Colombia’s economy has had a quiet year compared to its neighbors. Next to the financial mess of Venezuela and the gleaming prospects of Peru, Colombia did not make much noise in the world of international financial news.
But that does not mean that the country has nothing to look forward to. After GDP growth of 4.5 percent in 2013, down from 4.8 percent the previous year due to weak overseas demand and a sluggish manufacturing sector, but still relatively solid. Colombia is headed for another year of decent growth in 2014.
Trading Economics predicts the economy will expand by 3.07 percent, while the Central Bank of Colombia pegs growth at 4 percent. The BBVA Research Center predicts it will go up 5 percent.
But Colombia’s economy, mostly driven by oil and mining, has taken a hit from falling overseas demand: Colombia grew 6.6 percent in 2011, but has steadily declined since. That’s because its biggest trading partners, chiefly the U.S., are still on the way to a strong recovery.
“The economy will grow this year at similar levels to 2012, and that’s decent growth considering other countries are expanding below that level,” central bank Chief José Darío Uribe said.
Private consumption will speed up in the new year, according to BBVA Research, along with investment. The bank forecasts that consumption will be up 4.4 percent, and fixed investment will grow 7.1 percent.
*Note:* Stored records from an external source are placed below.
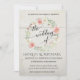 Casamento de fazenda, celeiro ou jardim. Fundo de madeira em forma de crânio de campo com pequena fatia simples de rosa com mini flores e bagas semeadas com eucalipto combinado com letra escrita manual com letra "o casamento de". Convite de formato quadrado. Simples. Moderno. Elegante. Ideal para um casamento em todas as estações, este jardim do estilo boho juntou trabalho de arte de cor de água de folhagem foi criado pela artista Audrey Jeanne Roberts. Direitos autorais.
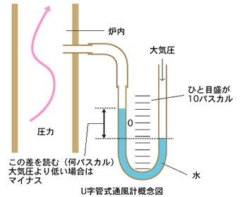 通風計は通風力(ドラフト)を測定します。計測するところ(例えば燃焼室の炉壁に穴をあけ、ここに小さい管を通す)のガス、空気の流れの圧力を、大気の圧力と比較して、その差を水柱で確認します。通風計の種類にはU字管、傾斜式があります。
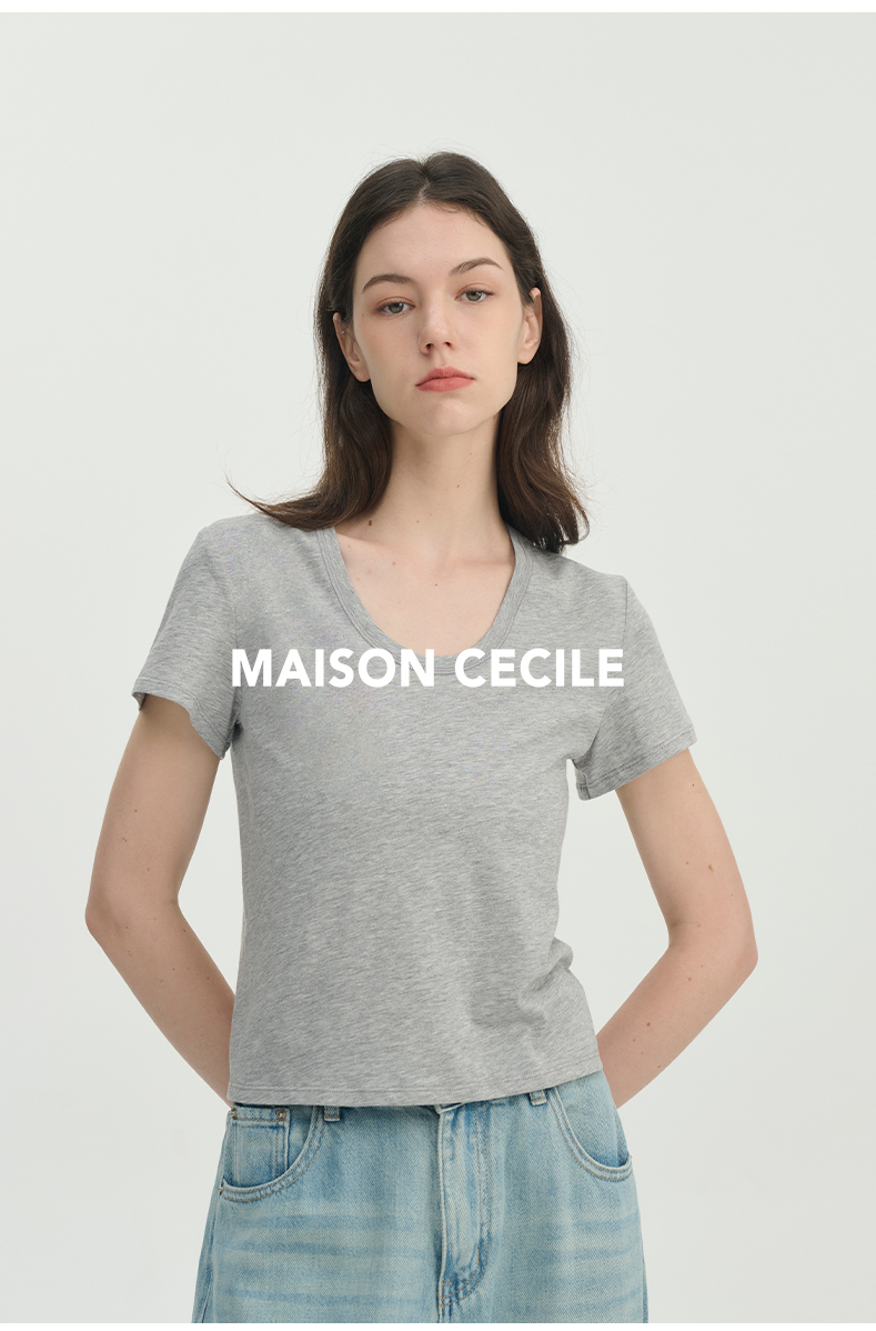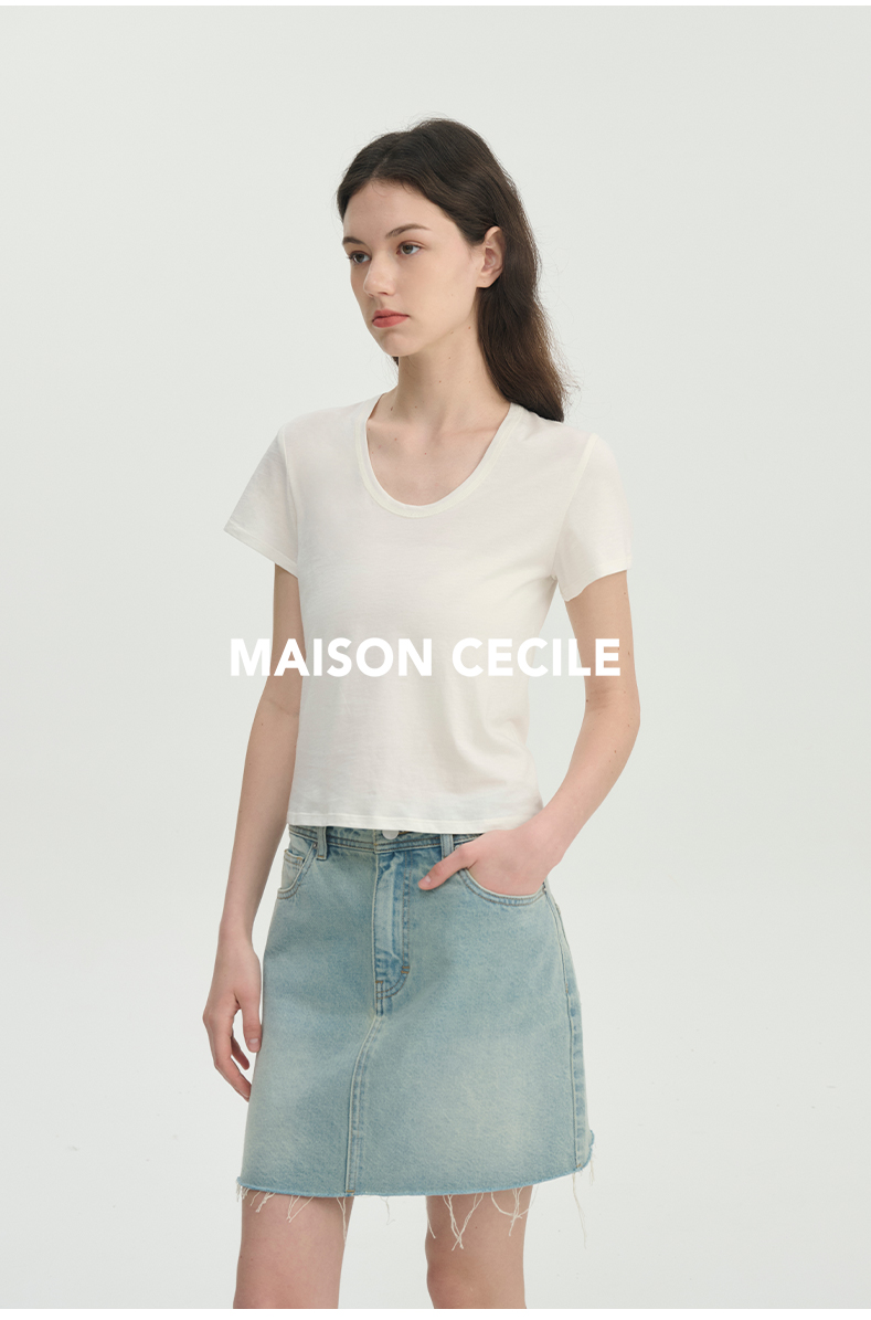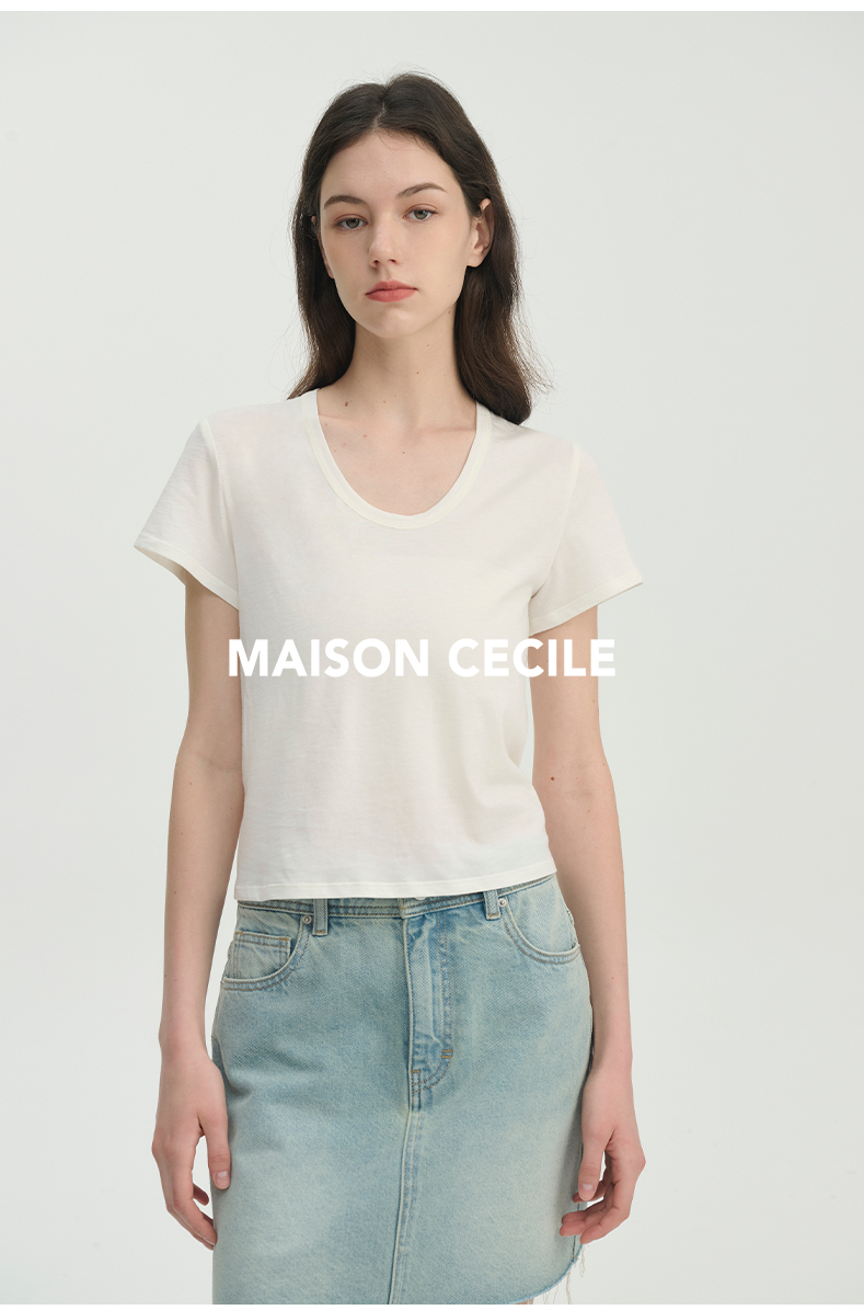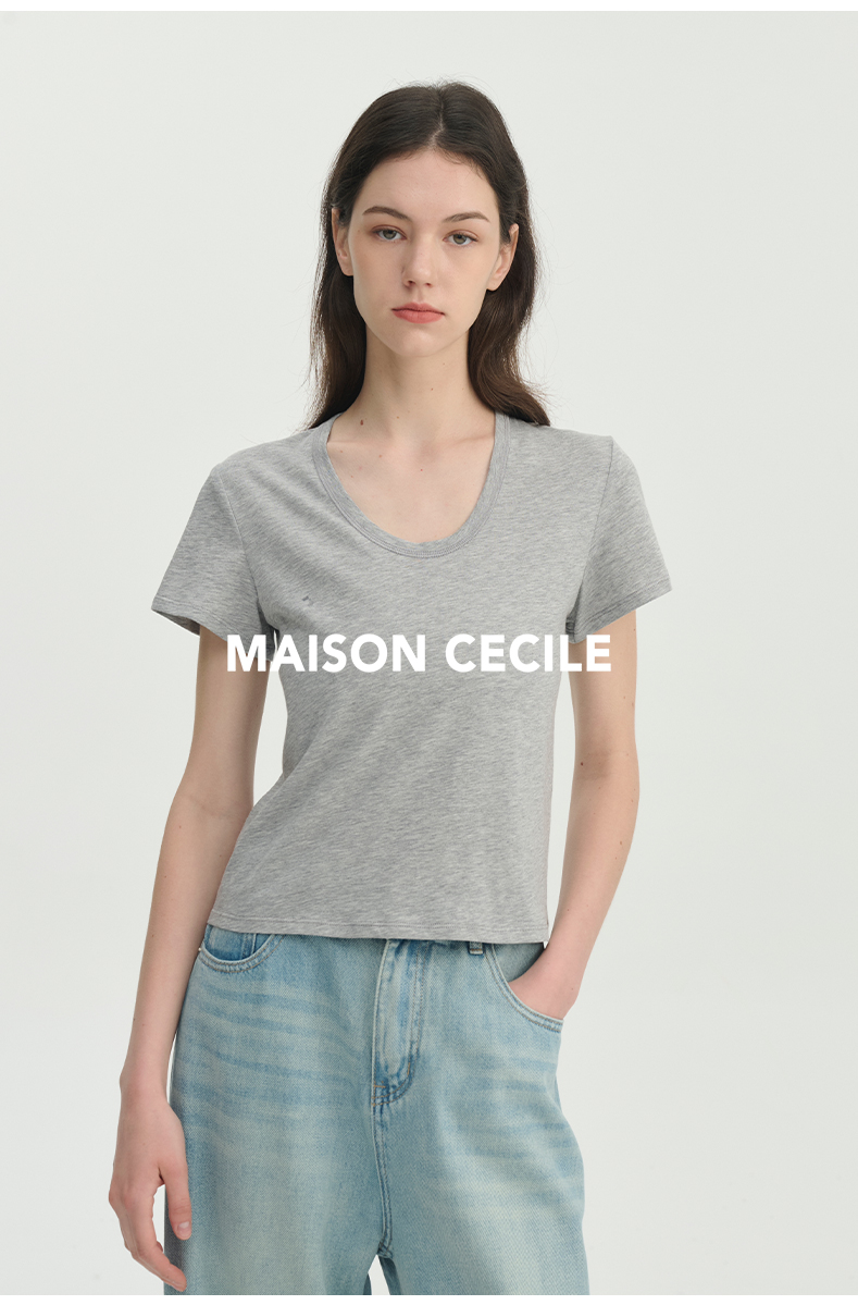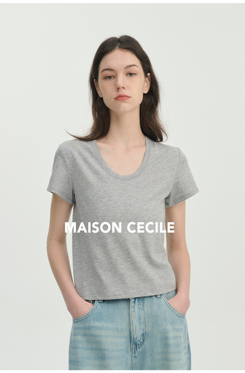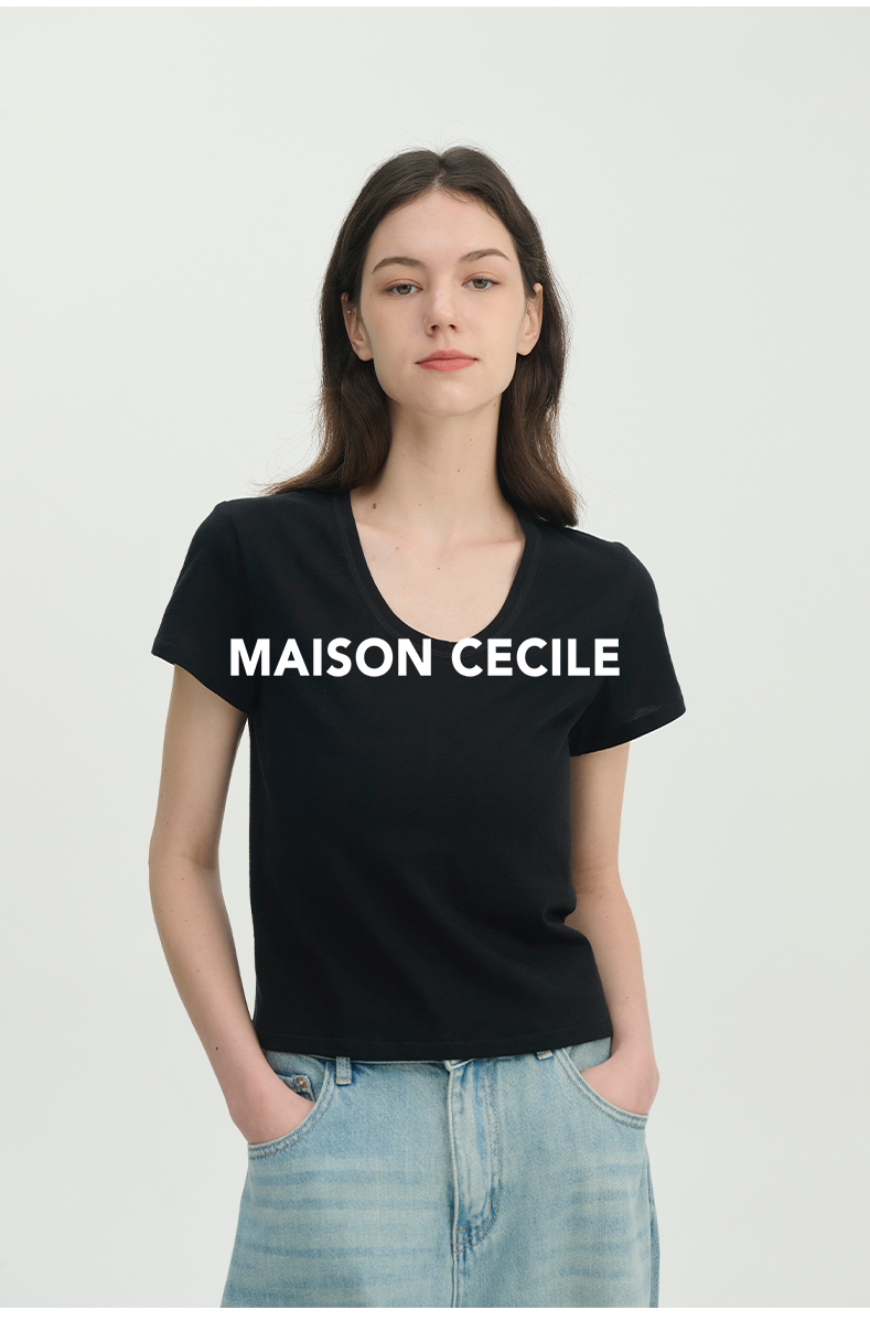 MAISON CECILE经典三色/亲肤桑蚕丝羊毛棉制合身U领T恤

Inflation will drop from the current 2.14 percent to 1.69, according to Trading Economics — a far cry from other Latin American countries with economies of similar size like Argentina, which has 25 percent inflation, and Venezuela, which having surpassed 30 percent tops the list of countries with exploding prices in the region.
As with many other cases in the region, unemployment is the weak spot of the Colombian economy. 2013 ended with a 8.48 percent rate, with a slight rise in the last quarter. Even though unemployment percentages are larger than in other countries, they are down from Colombia’s historical high of 17.48 percent in 2012.